Task item = The answer is an exact repeat of the entries below, with the pictures omitted.

== == ==

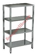 Стеллаж Кобор СКТ-120/50 предназначен для хранения посуды, кухонной утвари и сухих продуктов на предприятиях общественного питания, торговли и в промышленно-производственных помещениях. Каркас выполнен в виде уголка 40х40 мм из оцинкованной стали, полки - из нержавеющей стали AISI 430. Сварная конструкция обеспечивает жёсткость стеллажа.
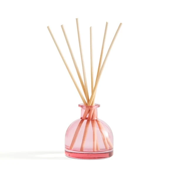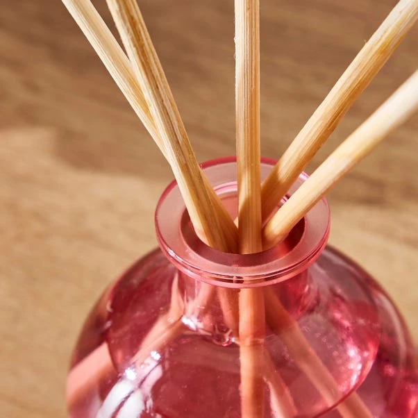 Bring a burst of colour and fragrance to any room with this pink glass diffuser. The delicate tropical blend of dragonfruit and blossom melds perfectly with heart notes of rose-blushed lychee, sweet cassis, and candyfloss. The sweet, creamy amber undertones create a warm, inviting atmosphere, and with six natural rattan reeds, it ensures a long-lasting scent experience for up to 10 weeks. Perfect for refreshing any corner of your home.
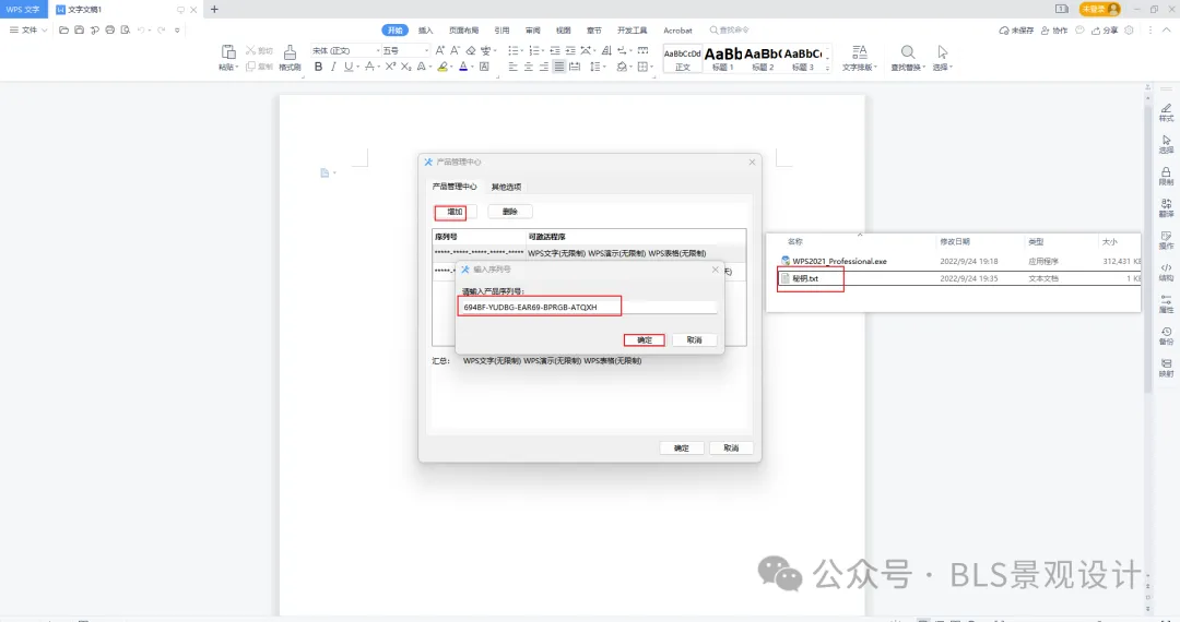 6.测试一个是否安装成功。本例演示【WPS文字】,双击打开【WPS文字】,找到框选内容7.单击【增加】,复制【秘钥.txt】内容,在【输入序列号】里面,粘贴刚刚复制的序列号,然后单击【确定】
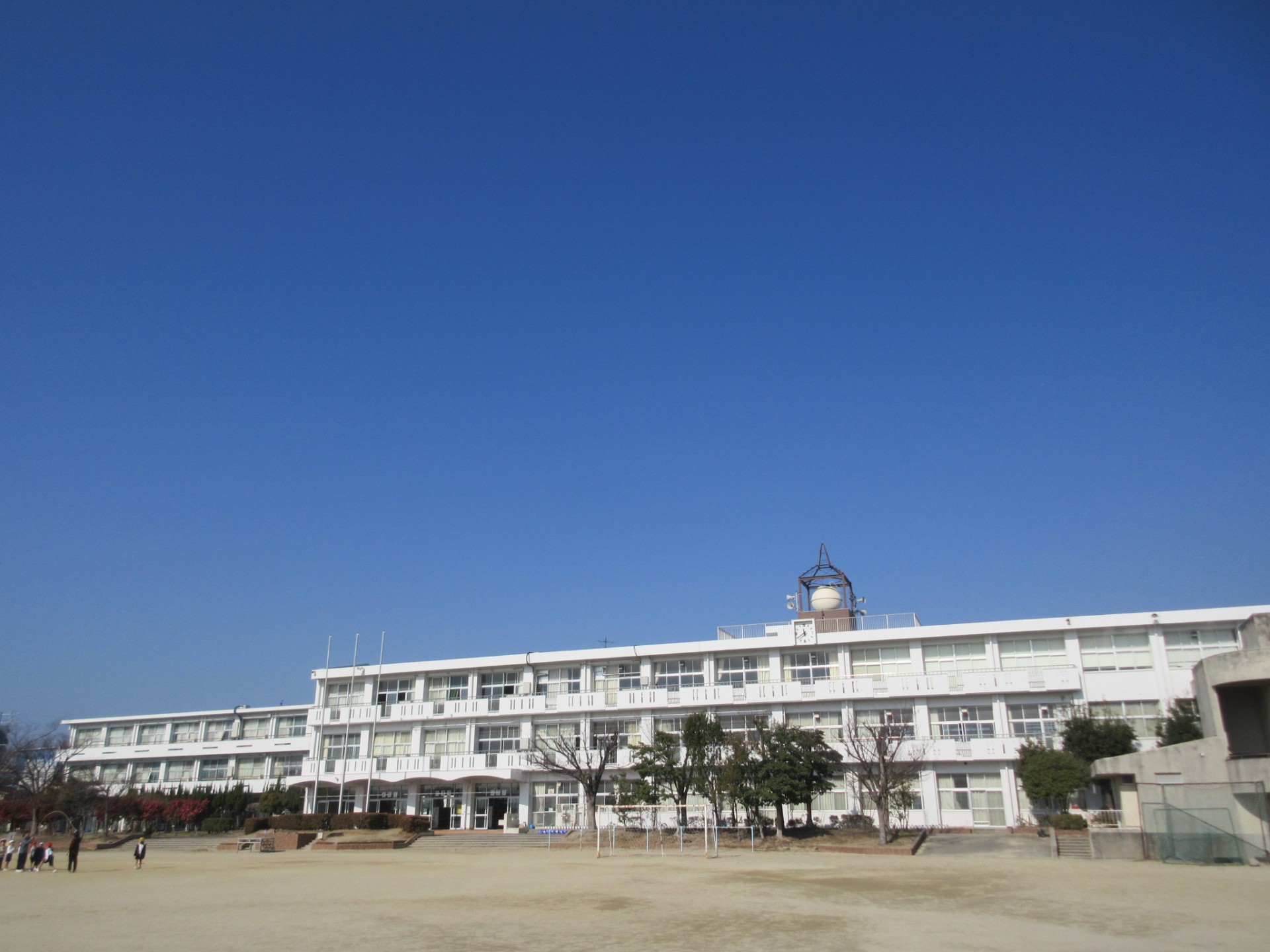 2026/01/07始業式 外壁工事が終わり、足場が解体され、真っ白な壁面が姿を現しています。足場がなくなり、通路も広くなりました。教室や廊下・階段も明るくなりました。 <そうじ>...
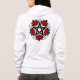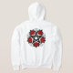 Pentagrama negro con estampado, decorado con rosas rojas florecientes con hojas sobre fondo blanco. Estilo tatuaje.
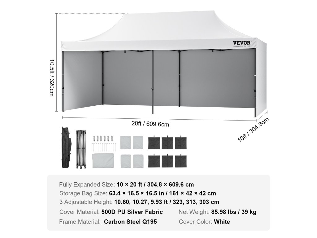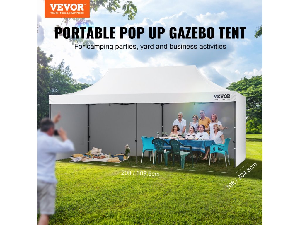 Tento priestranný vyskakovací baldachýn môžete postaviť v priebehu niekoľkých minút. Možno ho použiť na dočasné zhromaždenia, pričom jeho plocha pokrýva 200 štvorcových stôp. Má tri nastaviteľné výšky, ktoré si môžete nastaviť podľa svojich potrieb. Môžete ho nastaviť na výšku 9,84 stopy, 10,2 stopy alebo 10,5 stopy. Táto priestranná konštrukcia vám umožní pohodlne stáť pod baldachýnom. Okrem toho sa doň zmestí až 12-16 osôb. Ľahko sa môžete prechádzať a usporadúvať pohlcujúce stretnutia pod holým nebom.
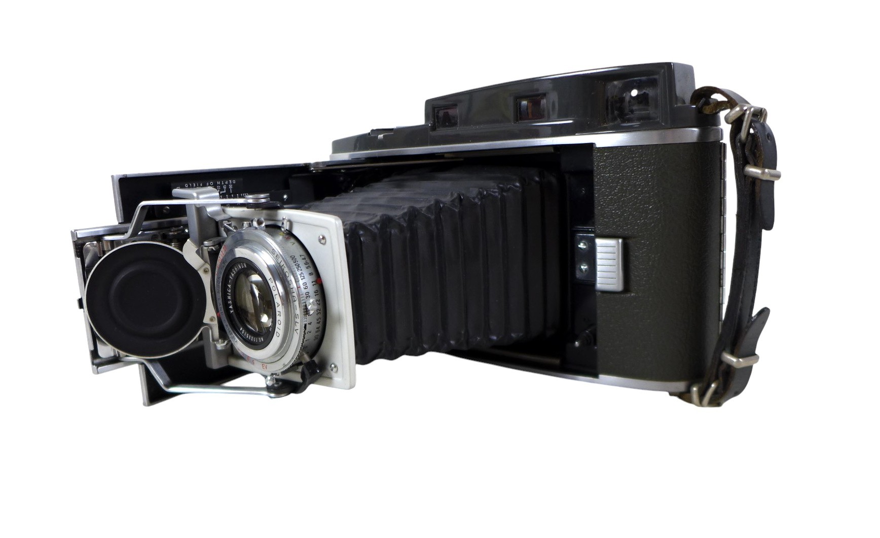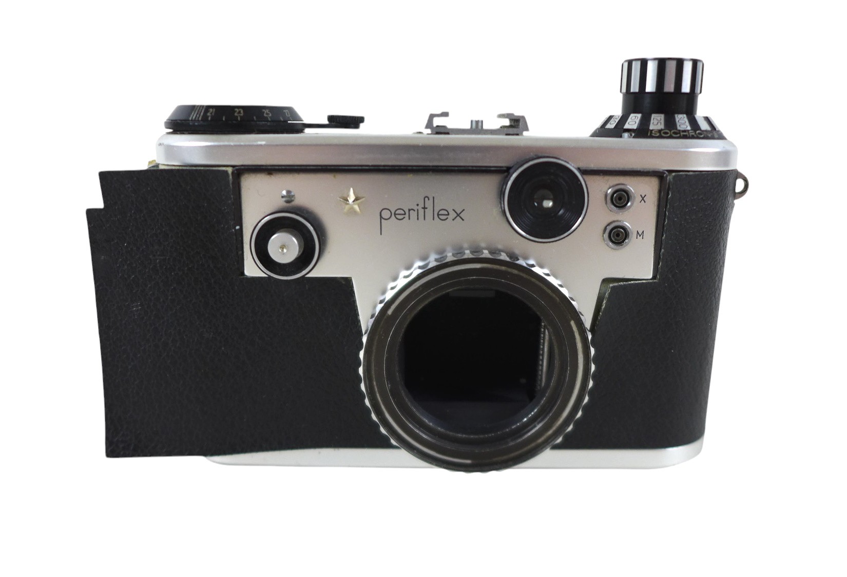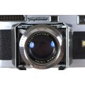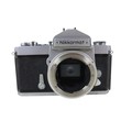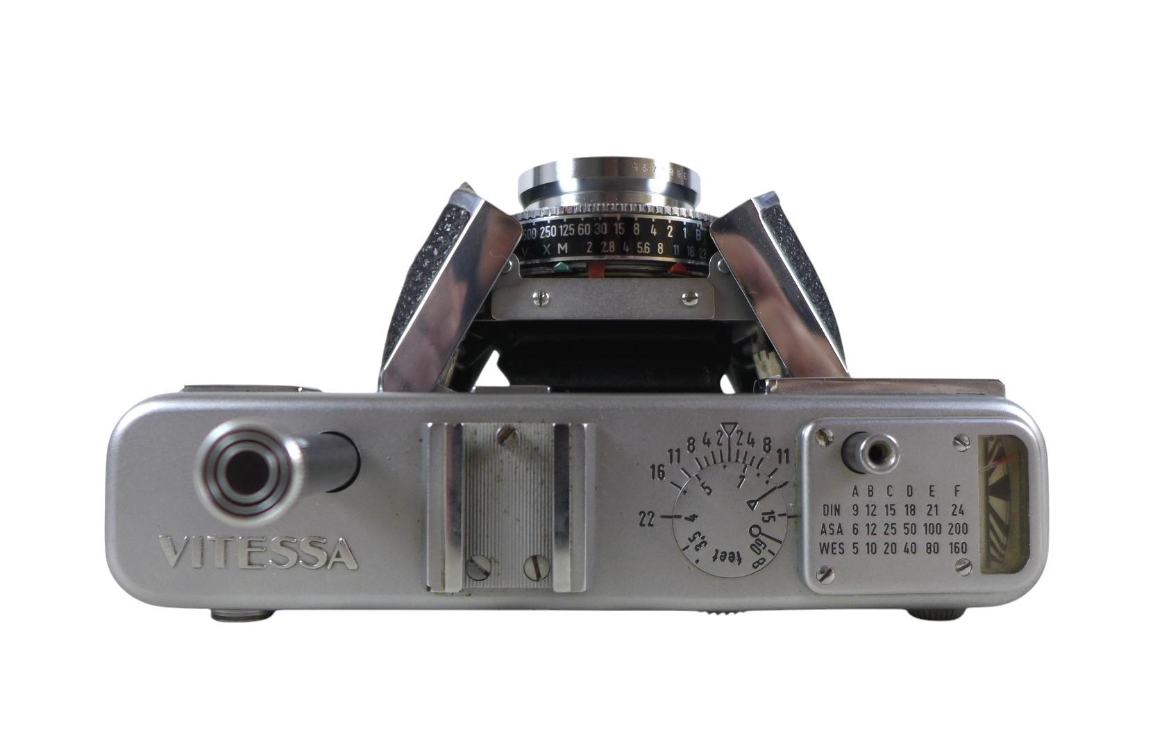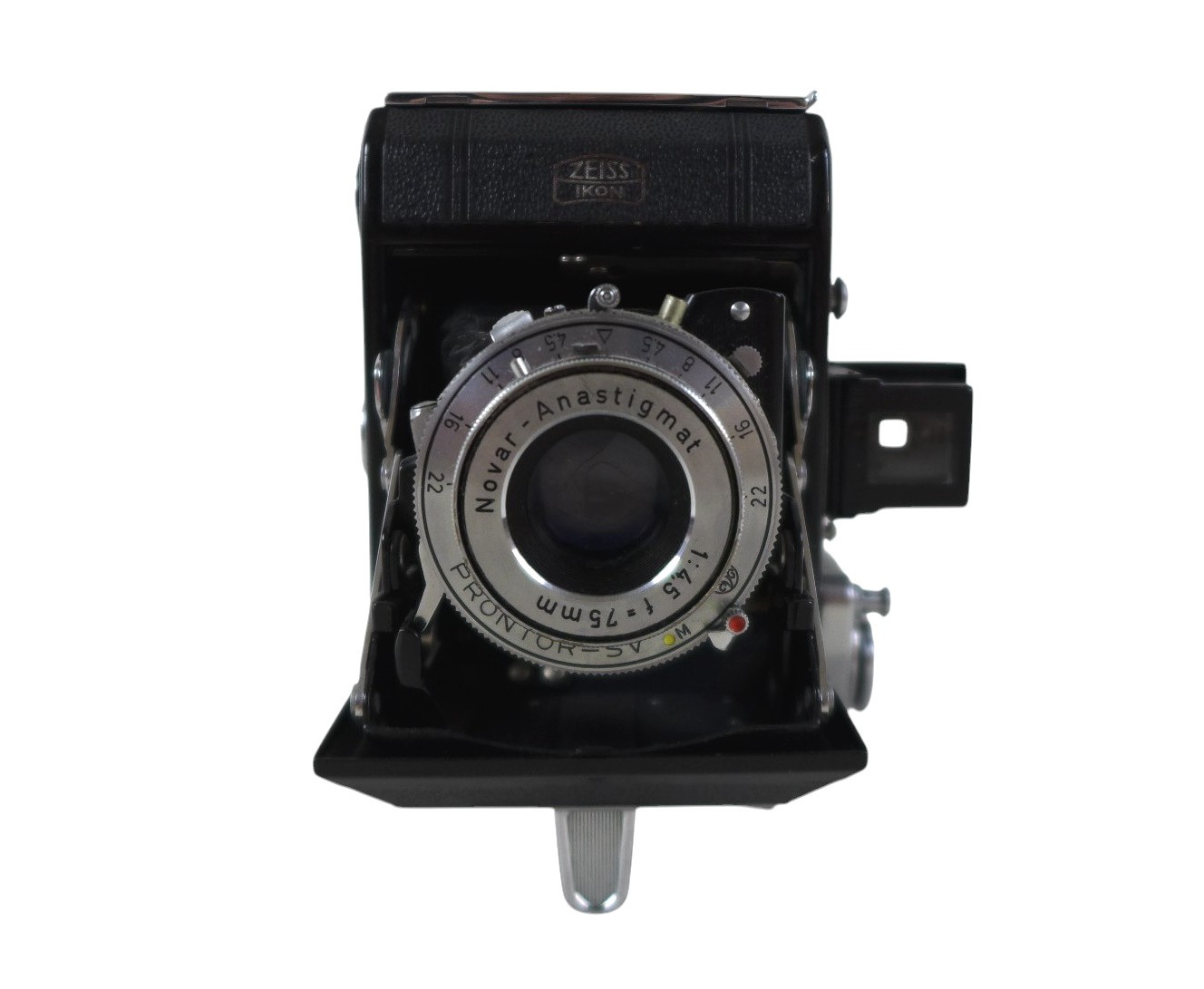 A collection of nine vintage cameras comprising a Polaroid land camera, Voigtlander Vito B and Prominent, Corfield perplex body, Beauty Super L, Voigtlander Vitessa, Nikkormat body, Colorsnap Bantam, and a Zeiss Ikon.(9)
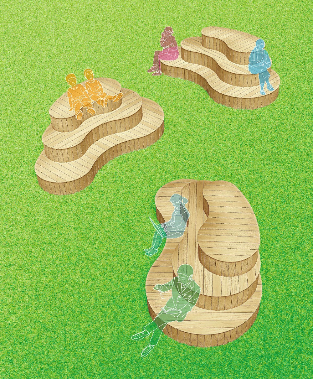 それを積み上げた形の「DANDAN -段-」バージョンが登場。既存のハコベン縁台ソラマメと比べて存在感があり、より街のシンボル的存在となっていきます。
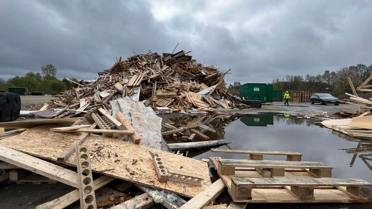 На приеме отходов в Ragn-Sells в Моссе много активности. Огромные контейнеры с древесными отходами выгружаются в гигантскую кучу, которую колесные погрузчики распределяют на несколько меньших куч.
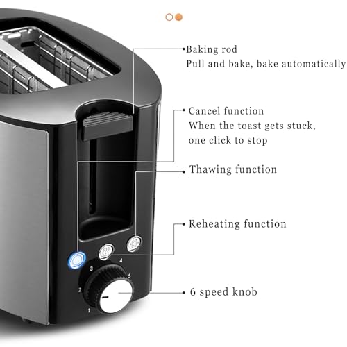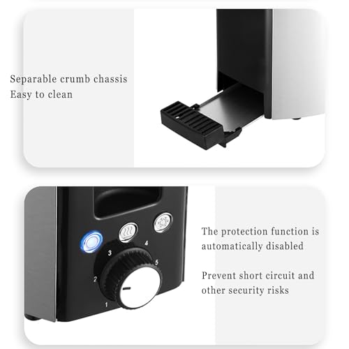 - 【Clean Easily】: Cleaning our 2 slot toaster is a breeze! With a convenient drop-down crumb tray, you won't have to waste any time cleaning up after yourself. With defrost/re-heat function, each gear time is 8%-12% longer than the corresponding normal gear time.
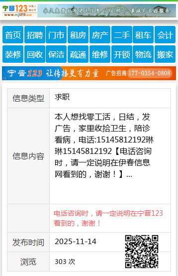 本人想找零工活,日结,发广告,家里收拾卫生,陪诊看病,电话:15145812192琳琳15145812192
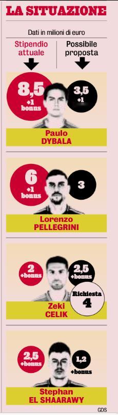 俱乐部的设想是为佩莱格里尼提供300万+奖金的续约报价,给迪巴拉最多也只能达到350万+100万奖金。给切利克的报价差不多250万+奖金,沙拉维倒是愿意降薪留下,但不只取决于经济条件。
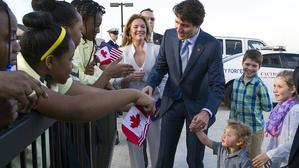 Canadian Prime Minister Justin Trudeau and his wife Sophie Grégoire-Trudeau, and their children, greet students from Paterson Elementary School, in Washington, as they arrive at Andrews Air Force Base, Md., Wednesday, March 9, 2016.Cliff Owen/The Associated Press
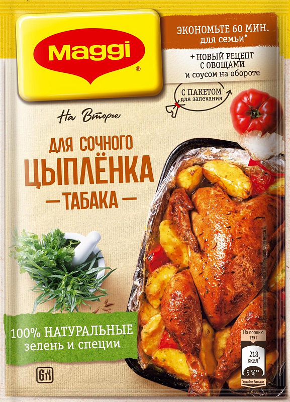 Maggi на второе для сочного цыпленка табака поможет легко и быстро приготовить вкусное блюдо грузинской кухни! Запеченная целиком в специальном пакете без дополнительного добавления масла курочка получается необычайно сочной, вкусной и с хрустящей корочкой, а комбинация овощей и ароматных трав и специй восточной кухни поможет раскрыть вкус и аромат вашего блюда.
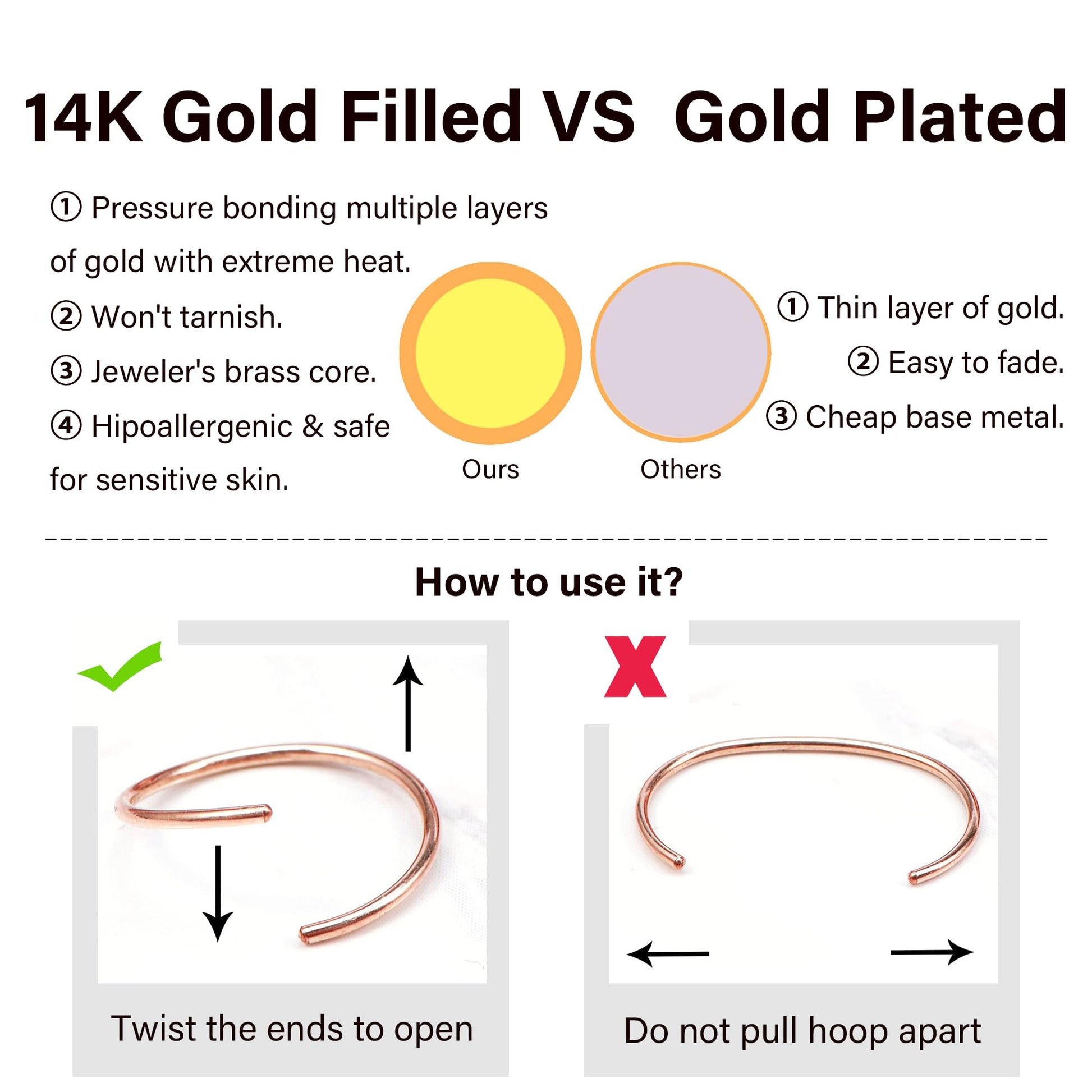 • 【14K Gold Filled Nose Ring Hoop】: This nose ring hoops for women is made of 14k gold filled, nickel-free and lead-free, making it hypoallergenic for sensitive skin people. And you can wear it for a long time without fading.

== == ==

Response area =
 Стеллаж Кобор СКТ-120/50 предназначен для хранения посуды, кухонной утвари и сухих продуктов на предприятиях общественного питания, торговли и в промышленно-производственных помещениях. Каркас выполнен в виде уголка 40х40 мм из оцинкованной стали, полки - из нержавеющей стали AISI 430. Сварная конструкция обеспечивает жёсткость стеллажа.
 Bring a burst of colour and fragrance to any room with this pink glass diffuser. The delicate tropical blend of dragonfruit and blossom melds perfectly with heart notes of rose-blushed lychee, sweet cassis, and candyfloss. The sweet, creamy amber undertones create a warm, inviting atmosphere, and with six natural rattan reeds, it ensures a long-lasting scent experience for up to 10 weeks. Perfect for refreshing any corner of your home.
 6.测试一个是否安装成功。本例演示【WPS文字】,双击打开【WPS文字】,找到框选内容7.单击【增加】,复制【秘钥.txt】内容,在【输入序列号】里面,粘贴刚刚复制的序列号,然后单击【确定】
 2026/01/07始業式 外壁工事が終わり、足場が解体され、真っ白な壁面が姿を現しています。足場がなくなり、通路も広くなりました。教室や廊下・階段も明るくなりました。 <そうじ>...
 Pentagrama negro con estampado, decorado con rosas rojas florecientes con hojas sobre fondo blanco. Estilo tatuaje.
 Tento priestranný vyskakovací baldachýn môžete postaviť v priebehu niekoľkých minút. Možno ho použiť na dočasné zhromaždenia, pričom jeho plocha pokrýva 200 štvorcových stôp. Má tri nastaviteľné výšky, ktoré si môžete nastaviť podľa svojich potrieb. Môžete ho nastaviť na výšku 9,84 stopy, 10,2 stopy alebo 10,5 stopy. Táto priestranná konštrukcia vám umožní pohodlne stáť pod baldachýnom. Okrem toho sa doň zmestí až 12-16 osôb. Ľahko sa môžete prechádzať a usporadúvať pohlcujúce stretnutia pod holým nebom.
 A collection of nine vintage cameras comprising a Polaroid land camera, Voigtlander Vito B and Prominent, Corfield perplex body, Beauty Super L, Voigtlander Vitessa, Nikkormat body, Colorsnap Bantam, and a Zeiss Ikon.(9)
 それを積み上げた形の「DANDAN -段-」バージョンが登場。既存のハコベン縁台ソラマメと比べて存在感があり、より街のシンボル的存在となっていきます。
 На приеме отходов в Ragn-Sells в Моссе много активности. Огромные контейнеры с древесными отходами выгружаются в гигантскую кучу, которую колесные погрузчики распределяют на несколько меньших куч.
 - 【Clean Easily】: Cleaning our 2 slot toaster is a breeze! With a convenient drop-down crumb tray, you won't have to waste any time cleaning up after yourself. With defrost/re-heat function, each gear time is 8%-12% longer than the corresponding normal gear time.
 本人想找零工活,日结,发广告,家里收拾卫生,陪诊看病,电话:15145812192琳琳15145812192
 俱乐部的设想是为佩莱格里尼提供300万+奖金的续约报价,给迪巴拉最多也只能达到350万+100万奖金。给切利克的报价差不多250万+奖金,沙拉维倒是愿意降薪留下,但不只取决于经济条件。
 Canadian Prime Minister Justin Trudeau and his wife Sophie Grégoire-Trudeau, and their children, greet students from Paterson Elementary School, in Washington, as they arrive at Andrews Air Force Base, Md., Wednesday, March 9, 2016.Cliff Owen/The Associated Press
 Maggi на второе для сочного цыпленка табака поможет легко и быстро приготовить вкусное блюдо грузинской кухни! Запеченная целиком в специальном пакете без дополнительного добавления масла курочка получается необычайно сочной, вкусной и с хрустящей корочкой, а комбинация овощей и ароматных трав и специй восточной кухни поможет раскрыть вкус и аромат вашего блюда.
 • 【14K Gold Filled Nose Ring Hoop】: This nose ring hoops for women is made of 14k gold filled, nickel-free and lead-free, making it hypoallergenic for sensitive skin people. And you can wear it for a long time without fading.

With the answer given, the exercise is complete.